Monday, April 28, 2008

Changing names and language in Egypt

In the old days, children, every Jewish day-school had students with names like Andrew, Scott, and Jennifer. Just as common was the well-meaning Rabbi who would insist on calling them by their Hebrew names (Aharon, Shmuel, and Yocheved.) The reason? Why, the midrash of course:

"Did not Israel possess four mitzvot [while they were in Egypt]…: that they were sexually pure, that they did not gossip, that they did not change their names, and that they did not change their language." -- R. Eliezer haKappar, as quoted by the Mechilta

I confess to never quite understanding this Midrash. Perhaps you can help. One problem is that the redeemer himself seems to have had an Egyptian name. [More here] Another, is that it seems clear from the textual evidence that the Isralites did change their names. The names of the original nation of seventy that settled in Goshen are given. We also have the names of the tribal leaders who took part in the Exodus, and the names of a few others dignitaries. Not one of them is a repeat. If the Jews who were redeemed from Egypt understood this Midrash in the way that most Jews do today, wouldn't we find at least one Avraham, and maybe a Yosef or a Yehuda, among the dor hamidbar? Yet, we don't.

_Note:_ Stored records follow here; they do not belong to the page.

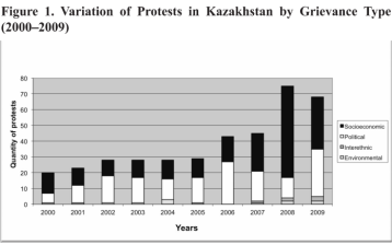 图1显示了越来越多的人愿意参与针对上述问题的公共抗议。我们可以看到,2000-2009年间哈萨克斯坦的大多数抗议活动是由社会经济和政治不满所驱动的。但是,强大的政府、有限的政治反对空间、社会对纳扎尔巴耶夫的崇敬心理以及高油价导致的经济增长,确保了政治稳定和政权的持久性。
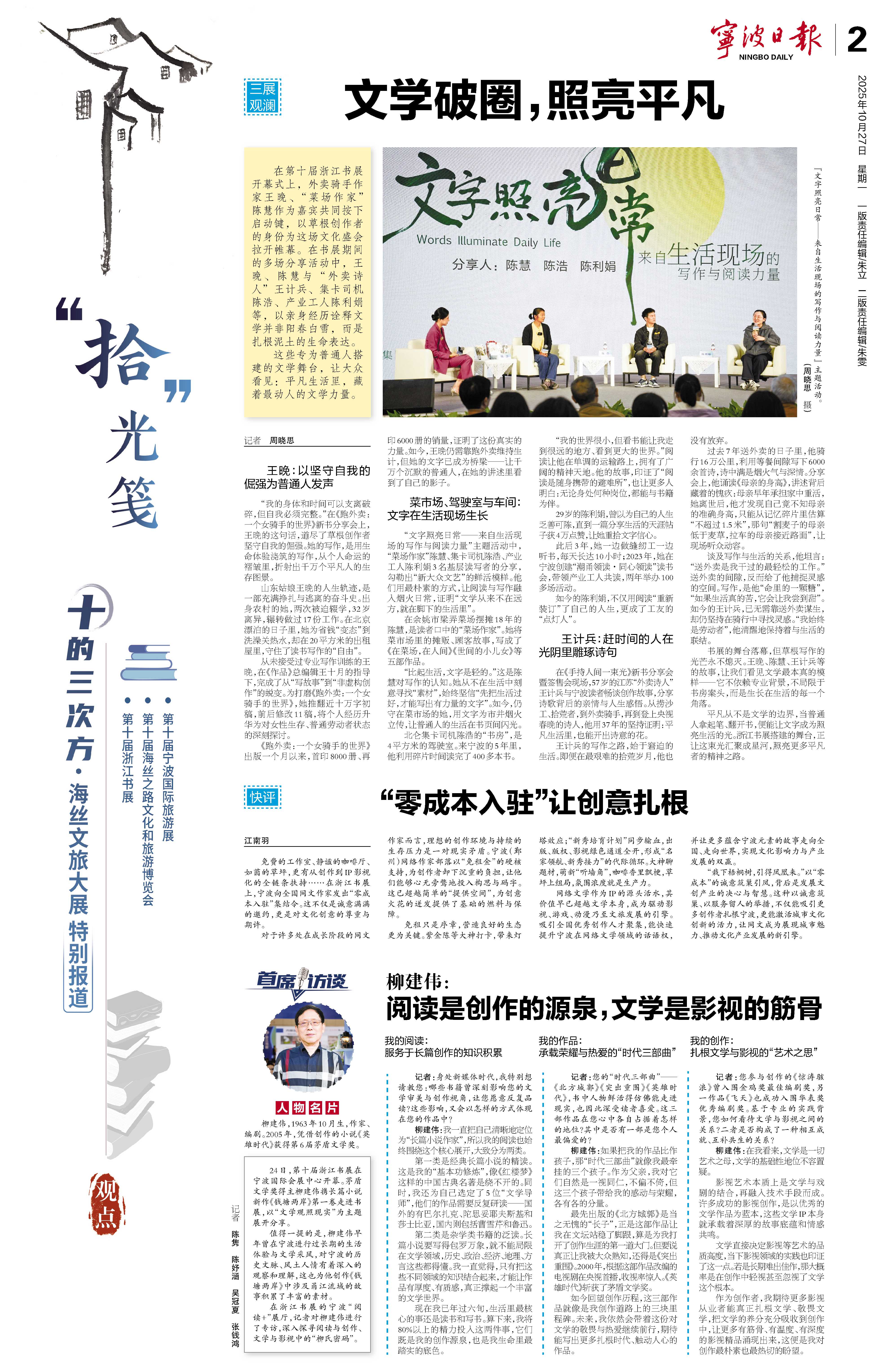 在浙江书展的宁波“阅读+”展厅,记者对柳建伟进行了专访,深入探寻阅读与创作、文学与影视中的“柳氏密码”。
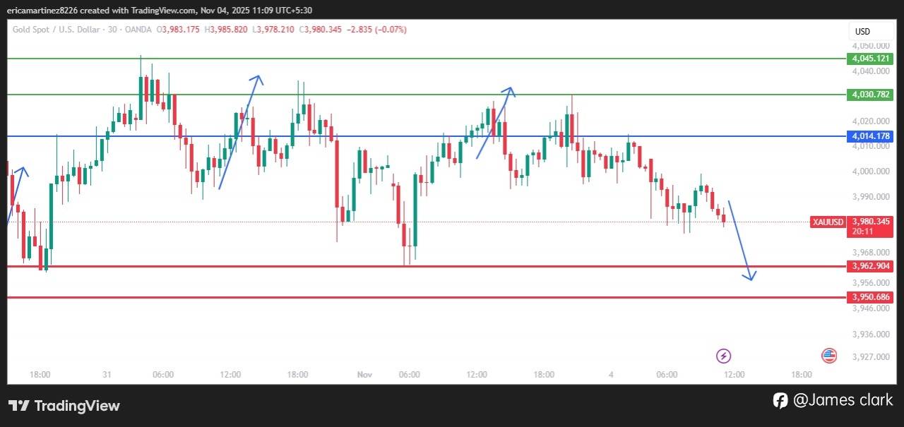 A clear break below 3962 could accelerate downside momentum toward 3950 — sellers remain in control for now.
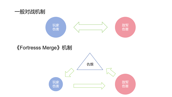 同样,另一个镜像表现,在单位生成机制及数量。《Fortress Merge》敌方部队单波出现数量大,且具有续兵性,而玩家的部队需要显著的生产时间,部队无法“以量取胜”。游戏内,消灭敌军所需时间作为输出放大器,敌军的“建筑——近战单位——远程单位”的仇恨逻辑,让玩家提供了时间与空间。仇恨机制作为PvP属性属于常规设定,但由于《Fortress Merge》的单位生成数量规模与敌军具有较大落差,从而让仇恨机制成为玩家着重利用的重要战术元素。
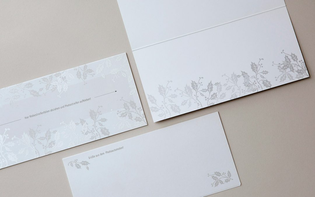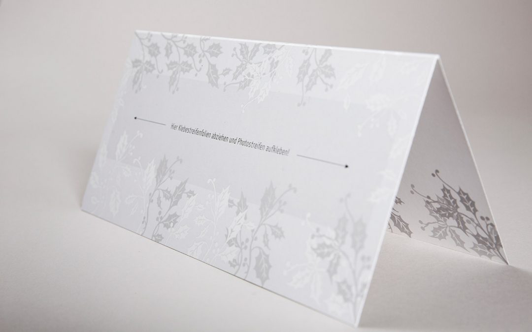 Klappkarte mit Freifläche für das Einkleben eines Fotostreifens.
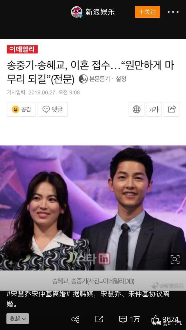 宋仲基官宣离婚
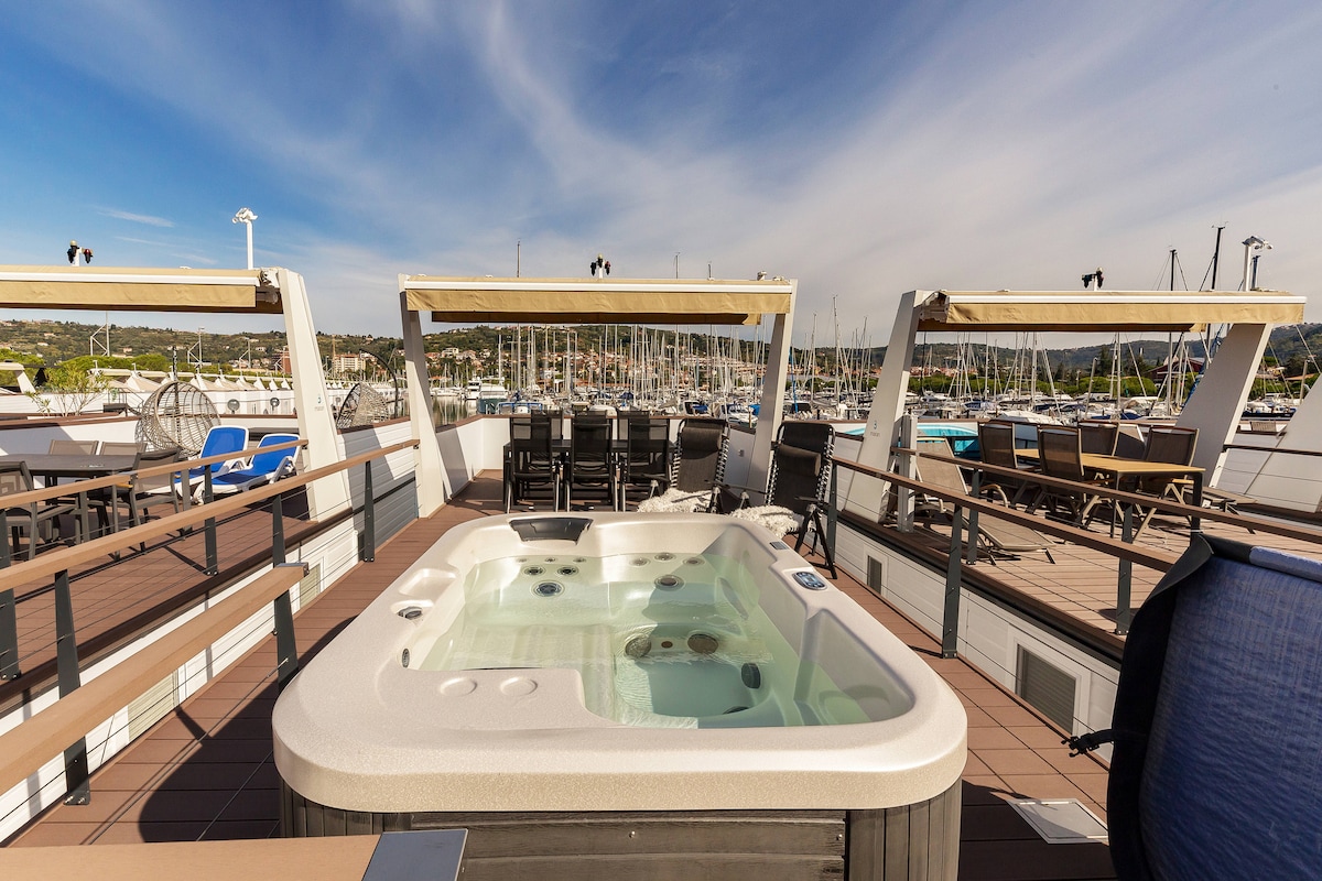 Experience the air-conditioned floating house Miramare, hosting up to 6 guests. Let yourself be swept away by the tranquil rhythm of life on the sea. The house includes a fully equipped kitchen, a cozy living area with a sofa bed and dining table, two bedrooms, and a bathroom. Step onto the terrace, where outdoor furniture, sun loungers & a hot tub await, all against the backdrop of an enchanting sea view. Your stay is complete with provided linens, towels, LCD TV & free WiFi. Warmly welcome!
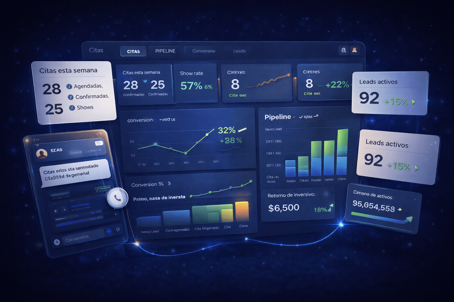 Después conectamos todo: infraestructura publicitaria, respuesta inmediata, appointment setting, CRM, confirmaciones, recuperación de no-shows, seguimiento comercial y visibilidad real del pipeline.
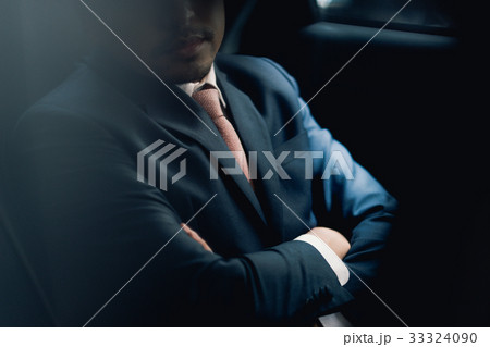 a portrait of businessman crossing his hands in car
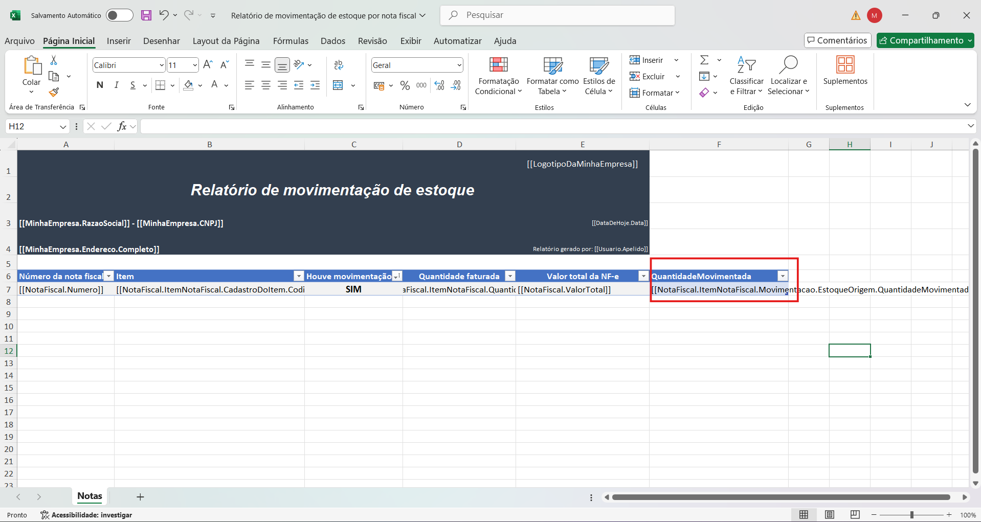1) Para informar se houve movimentação, o relatório disponível tem uma coluna oculta, a coluna “F”, com a tag que exibe a quantidade movimentada. Para melhorar a análise pode-se tornar visível essa coluna “F”.
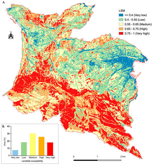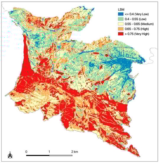 Combining weightage of conditioning factors and their classes, we obtained the landslide susceptibility map of the Portofino promontory. We normalized the resulting LSM values, which ranged from 0.079 to 0.401, by scaling values between 0 and 1. In order to determine the class intervals in the obtained map, we took into consideration the classification systems commonly applied in landslide susceptibility zonation: natural breaks, quantiles and equal intervals []. On the basis of the raster map histogram, which is multimodal and shows empty class intervals, we adopted the natural breaks method to divide the LSM values into five classes shown in Table 6. In this case, the quantile classification is not appropriate because data are not linearly distributed; whereas the lowest susceptibility class is too emphasized relative to others using equal intervals.
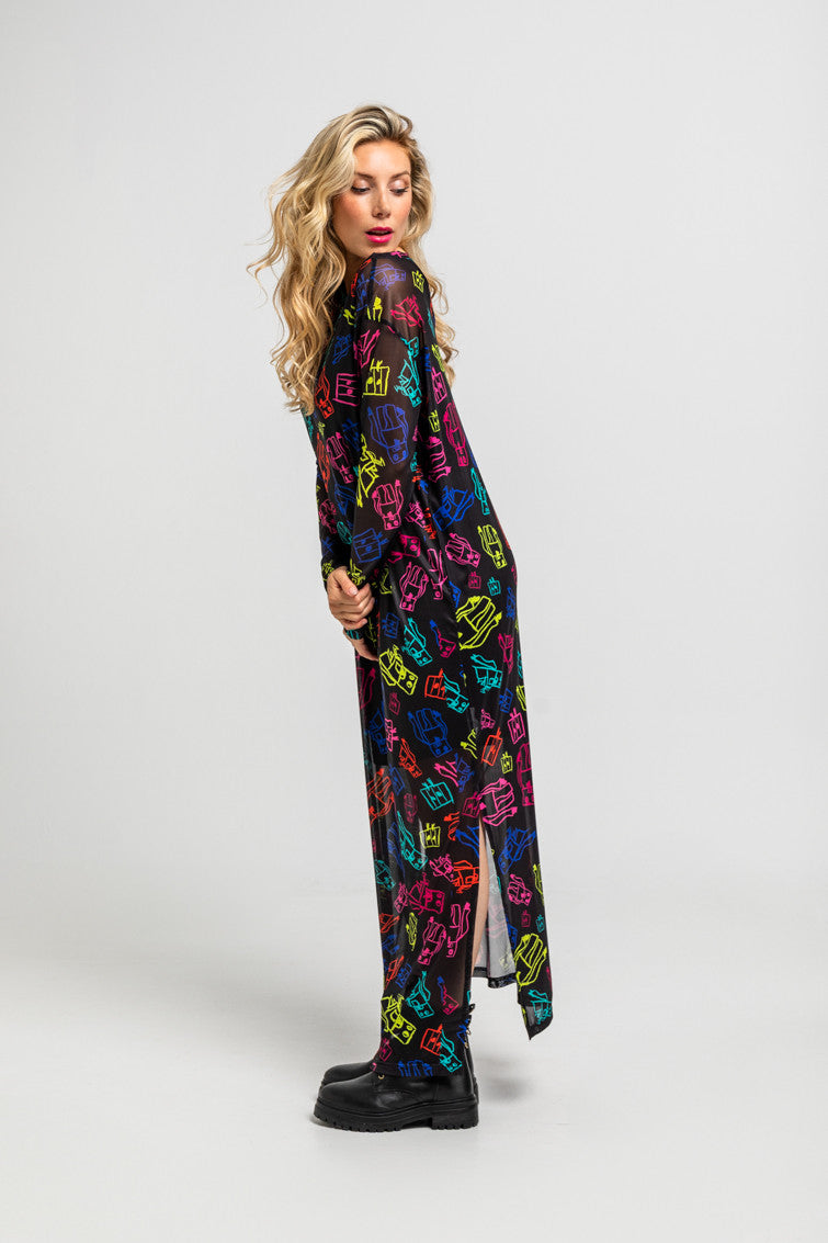 VESTIDO CAMISETA LARGO TUL DE GARABATOS DE ROBOTS MULTICOLOR LOLINA

Writing this post, two other thoughts occured to me.
(1) The well-meaning Rabbi mentioned above also told us the Israelites were redeemed because they didn't embrace Egyptian clothing styles. This point isn't mentioned in the Mechilta cited above, and though I may have once known the source of this idea, I appear to have forgotten where to find it, and Google is no help. [Note to DovBear haters: Rejoice! Here's a new opportunity to call me ignorant!] Anyway, the textual evidence opposes this midrash, too: At the Exodus, the Israelites asked the Egyptians for gold, silver, and clothing.

(2) The Midrash above says the Jews were redeemed because they kept their language. For 2000 years, we spoke languages like Aramaic, Greek, German, French and Yiddish, yet it was only after (some) Jews made a serious effort to rehabilitate Hebrew that the State of Israel was established. Coincidence?